These topics ask how a model, dataset or analytical method behaves under a stated set of conditions. They span computing, statistics and selected applied fields where the research question genuinely uses a data method.
What makes these topics distinct?
A software build is different from a statistical analysis: each brief identifies whether the work evaluates a model, studies data quality or compares an analytical method. Dataset access and evaluation criteria need to be settled before implementation.
This Health Information Management final year project examines how do candidate-match thresholds change duplicate flags in a synthetic patient index? The proposed evidence is synthetic identity records with known constructed matches, interpreted only for this defined research question.
This Artificial Intelligence final year project examines suggesting a limited waste category while exposing uncertain image matches through a bounded AI prototype with an explicit baseline and evaluation dataset.
This Data Science final year project investigates detecting when a forecasting model becomes less reliable after demand changes, with explicit data definitions and reproducible analysis rather than invented findings.

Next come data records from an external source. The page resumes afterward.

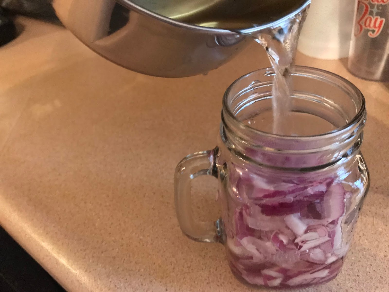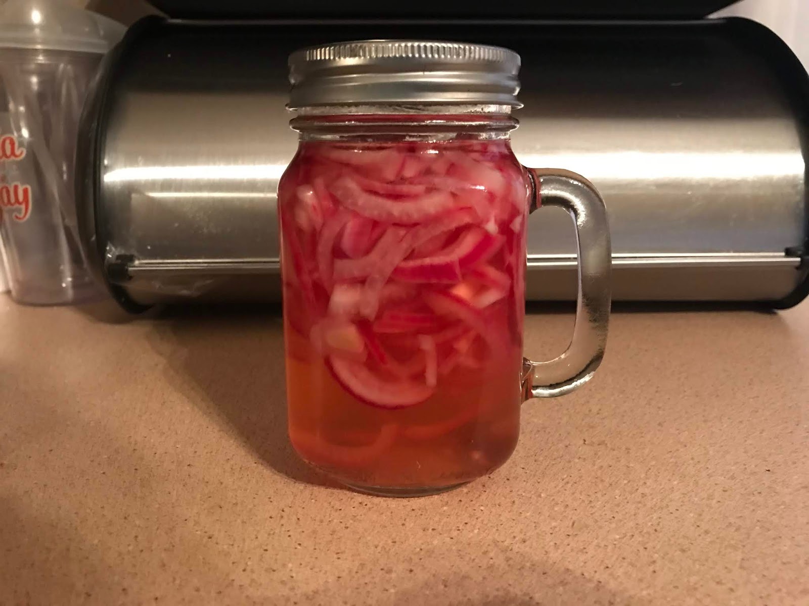 Look at that beautiful pink color that they take on after 1 hour. If you have to have them quickly wait at least an hour before eating them so that it has enough time to pickle. It turns out I could've added more onions to my jar.
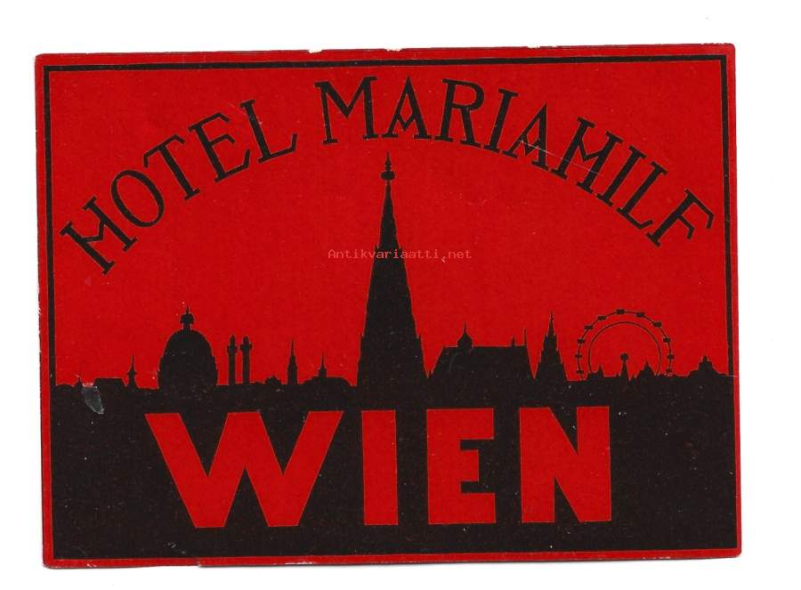 Hotel Mariahof Wienvanha hotellimerkki , matkalaukkumerkki hotellietiketti matkalaukkuetiketti
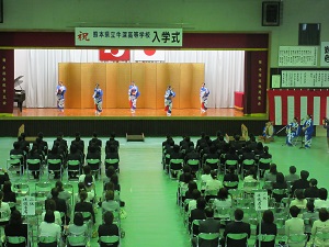 式後には、郷土芸能部の牛深ハイヤ節のアトラクションがあり、門出を祝いました。
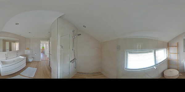Op de eerste verdieping treffen we drie slaapkamers, allen voorzien van laminaatvloeren en glad gestucte wanden en plafonds. De hoofdslaapkamer aan de achterzijde is voorzien van airconditioning. In een van de kamers is een opstelling voor de wasmachine en droger gemaakt. De badkamer is vergroot door het voormalige balkon erbij te betrekken en is luxe afgewerkt met een grote inloopdouche, een mooi dubbel wastafelmeubel met twee mengkranen en twee grote laden, een verlichte spiegel en het tweede toilet. Ook hier is de verlichting mooi in het plafond verwerkt. Je hangt de handdoeken te drogen aan de designradiator.
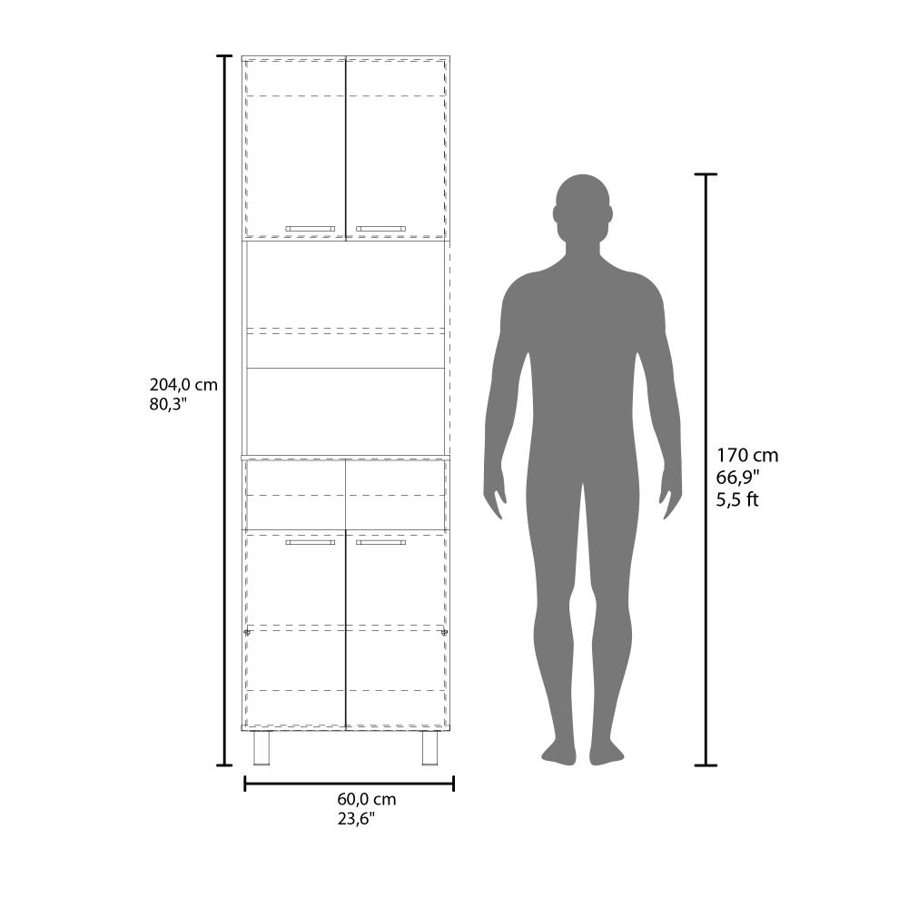 Módulo Microondas, con espacio para microondas y para almacenar objetos 4 puertas abatibles, 2 entrepaños,
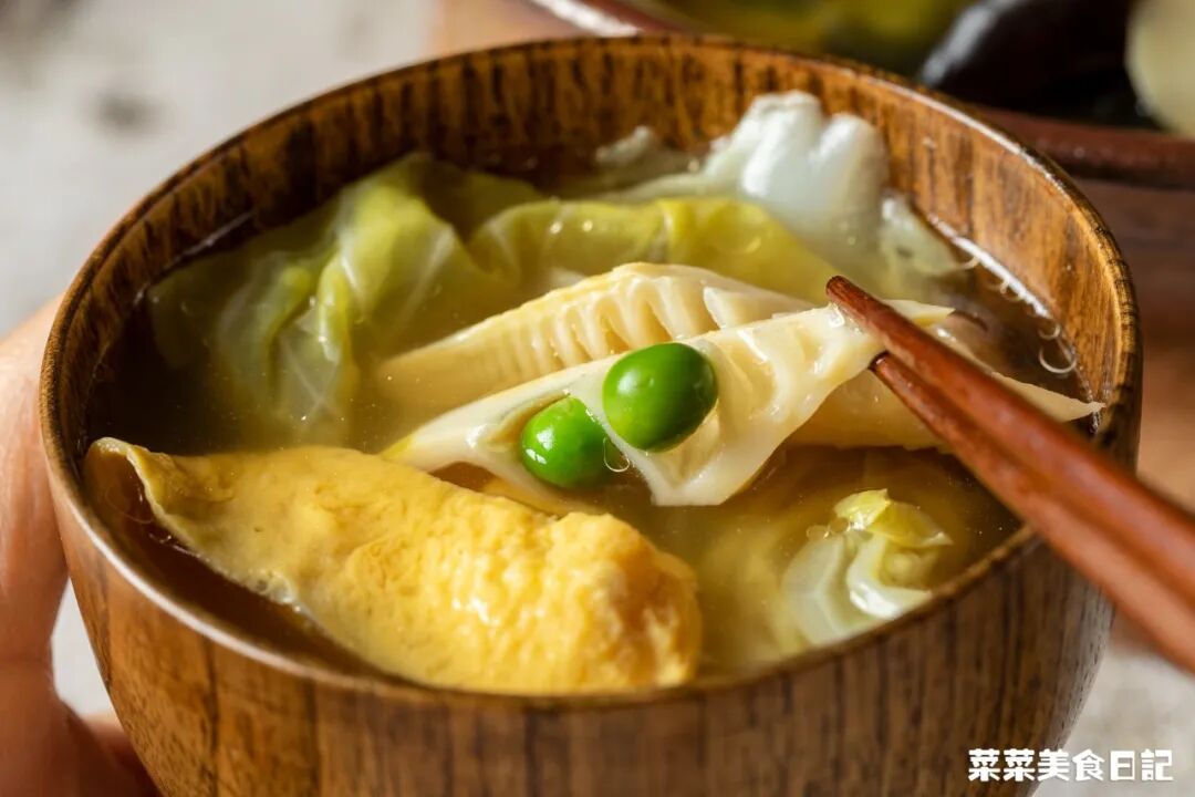 汤底: 一汁成鲜1/2条 菌菇100g 木耳50g 蛋丝100g 春笋1根 甜豌豆30g 青蒜10g

This Health Information Management final year project examines how do blank, zero and not-recorded conventions alter summary tables in synthetic data? The proposed evidence is constructed dataset with each missingness code represented, interpreted only for this defined research question.
This Artificial Intelligence final year project examines reducing inference cost while preserving a bounded intent classifier's behaviour through a bounded AI prototype with an explicit baseline and evaluation dataset.
This Data Science final year project investigates measuring optimistic evaluation caused by selecting features before data splitting, with explicit data definitions and reproducible analysis rather than invented findings.
This Health Information Management final year project examines which validation rules detect deliberately inconsistent values in a synthetic register? The proposed evidence is synthetic register and declared rule set, interpreted only for this defined research question.
This Artificial Intelligence final year project examines detecting a small set of visible defects when labelled examples are scarce through a bounded AI prototype with an explicit baseline and evaluation dataset.
This Data Science final year project investigates detecting misleading rate comparisons caused by inconsistent population denominators, with explicit data definitions and reproducible analysis rather than invented findings.
This Health Information Management final year project examines which fields show the greatest missingness in a simulated maternal-service dataset? The proposed evidence is synthetic encounter rows with declared missingness mechanisms, interpreted only for this defined research question.
This Artificial Intelligence final year project examines measuring loss of earlier task performance after sequential model updates through a bounded AI prototype with an explicit baseline and evaluation dataset.
This Data Science final year project investigates checking whether estimated churn probabilities match observed outcomes, with explicit data definitions and reproducible analysis rather than invented findings.
These are proposed studies. Choose the question that fits evidence you can access, check the requirements with your department and supervisor, then adapt the scope to your setting.